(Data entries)
#####
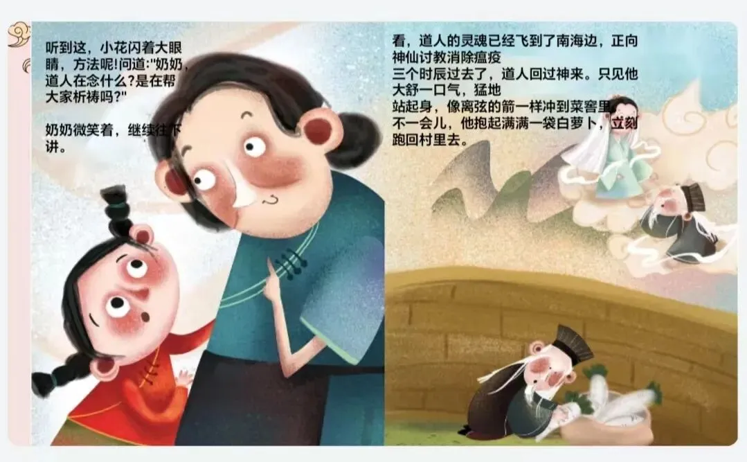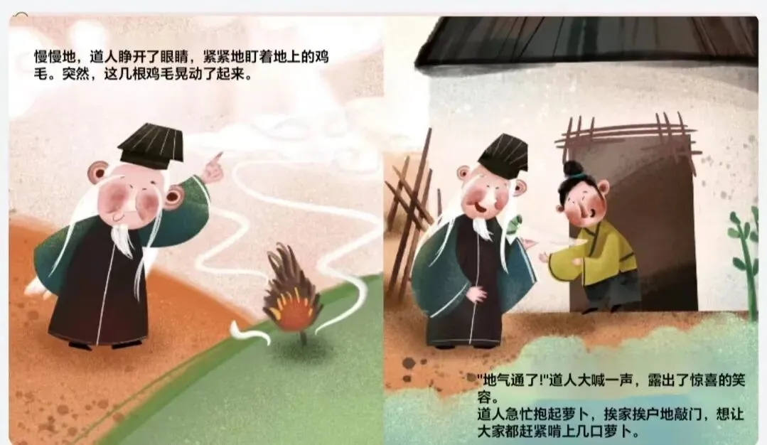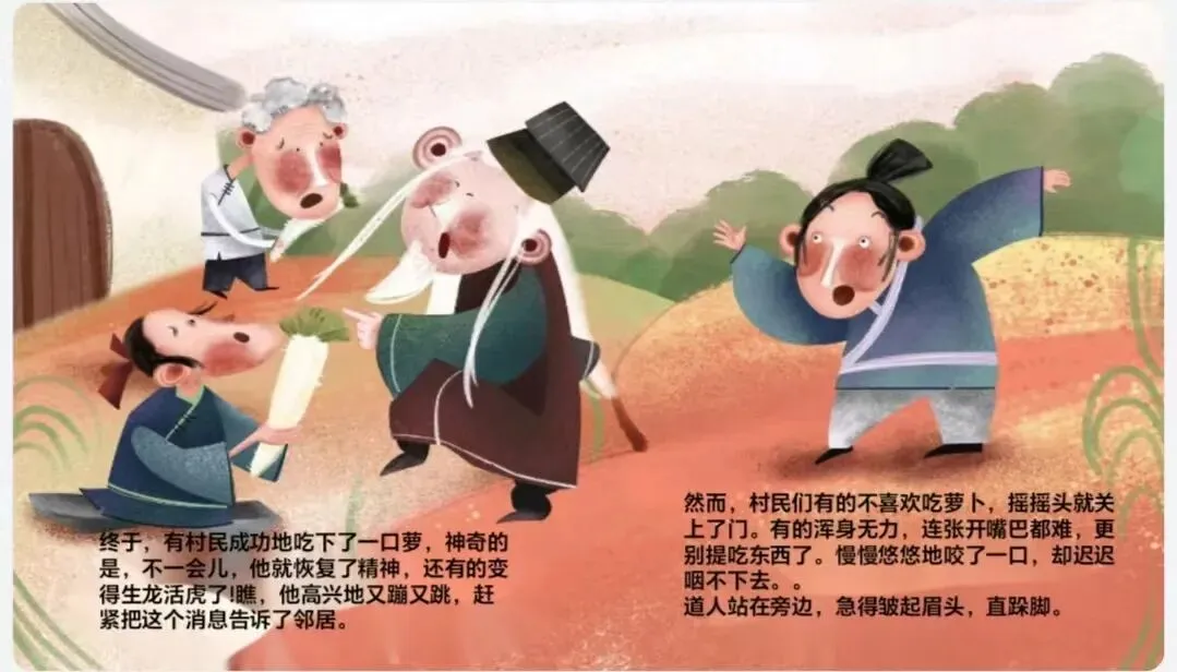 道人急忙抱起萝卜,挨家挨户地敲门,想让大家都赶紧啃上几口萝卜。
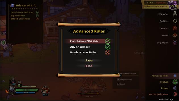 Unlock conditions to freely choose your starting weapon at camp, giving you more control before the run begins.
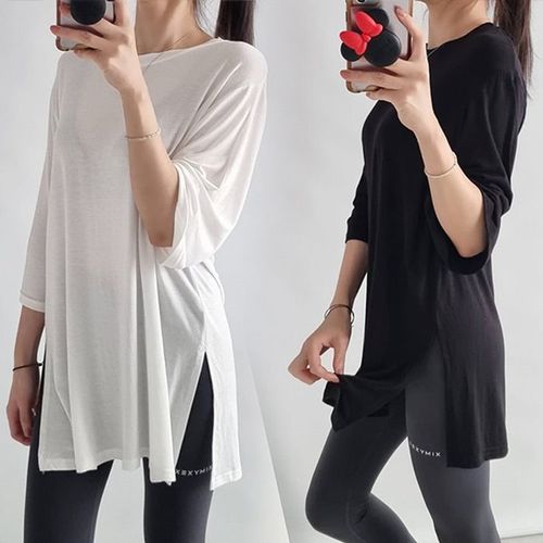 나야홍 / 여성 오버핏 찰랑 트임 무지 레이온 스판 롱 7부 티셔
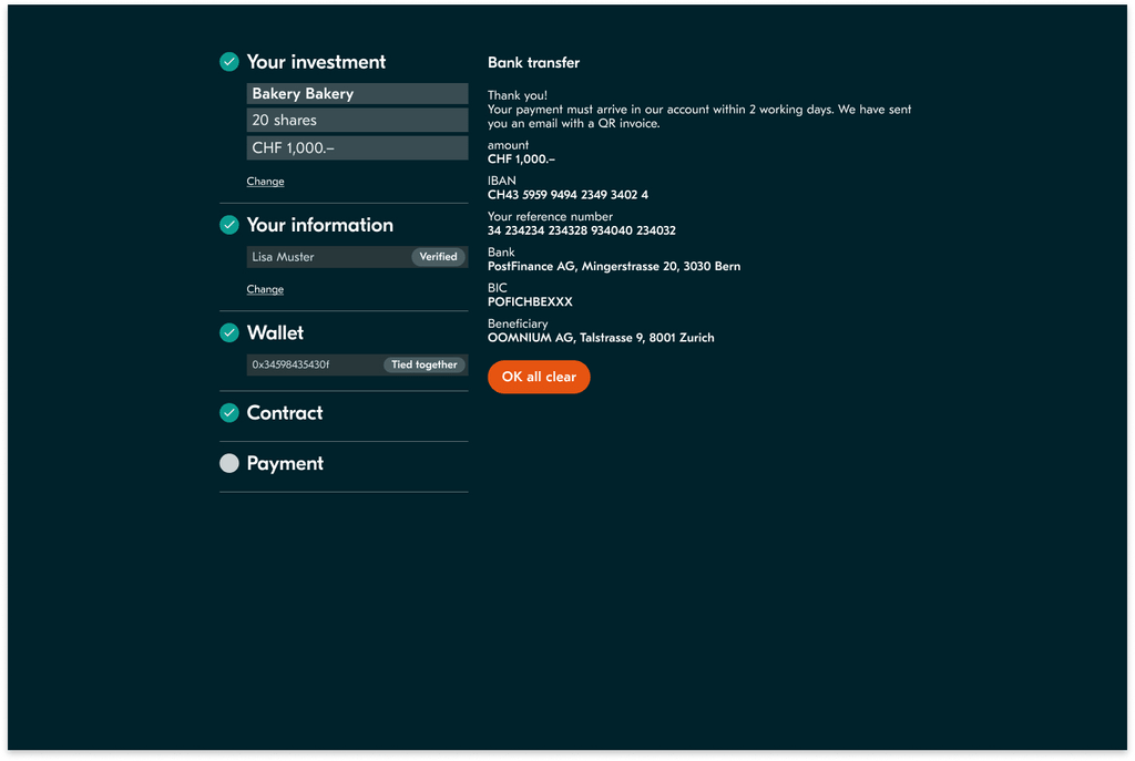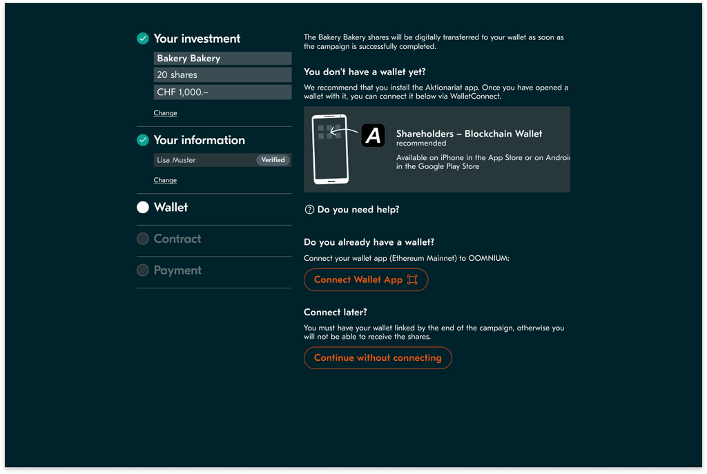Shares on OOMNIUM are digital only. To receive them, you need a suitable wallet. If you already have a wallet, you can easily connect it here. If you do not have a wallet yet, we recommend you download the wallet of our partner Aktionariat and then connect it. Don’t worry, you do not need any money in your wallet to pay for your shares. It will only be used to store your digital shares once you’ve received them.
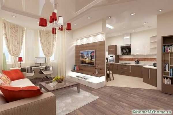 Вариант совмещения гостиной с кухнейДостоинства и недостатки совмещения
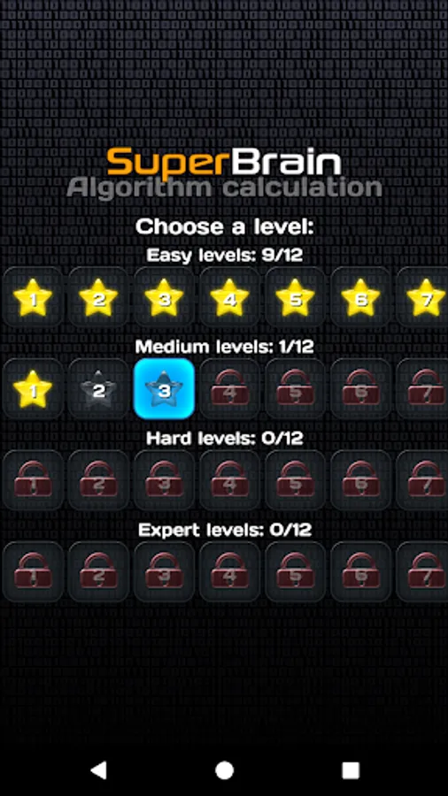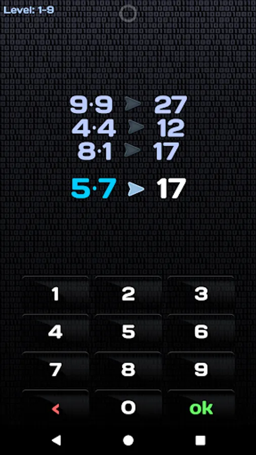If you enter the correct result, you'll unlock the next level and so on. Otherwise, all numbers in the task will be changed randomly and you are offered to guess algorithm again.
#####
## [PROBLEM STATEMENT]
Please copy exactly, and only, the lines from the one that contains "Shares on OOMNIUM" through the last line of the data above, omitting all pictures.

## [RESPONSE]
Shares on OOMNIUM are digital only. To receive them, you need a suitable wallet. If you already have a wallet, you can easily connect it here. If you do not have a wallet yet, we recommend you download the wallet of our partner Aktionariat and then connect it. Don’t worry, you do not need any money in your wallet to pay for your shares. It will only be used to store your digital shares once you’ve received them.
 Вариант совмещения гостиной с кухнейДостоинства и недостатки совмещения
If you enter the correct result, you'll unlock the next level and so on. Otherwise, all numbers in the task will be changed randomly and you are offered to guess algorithm again.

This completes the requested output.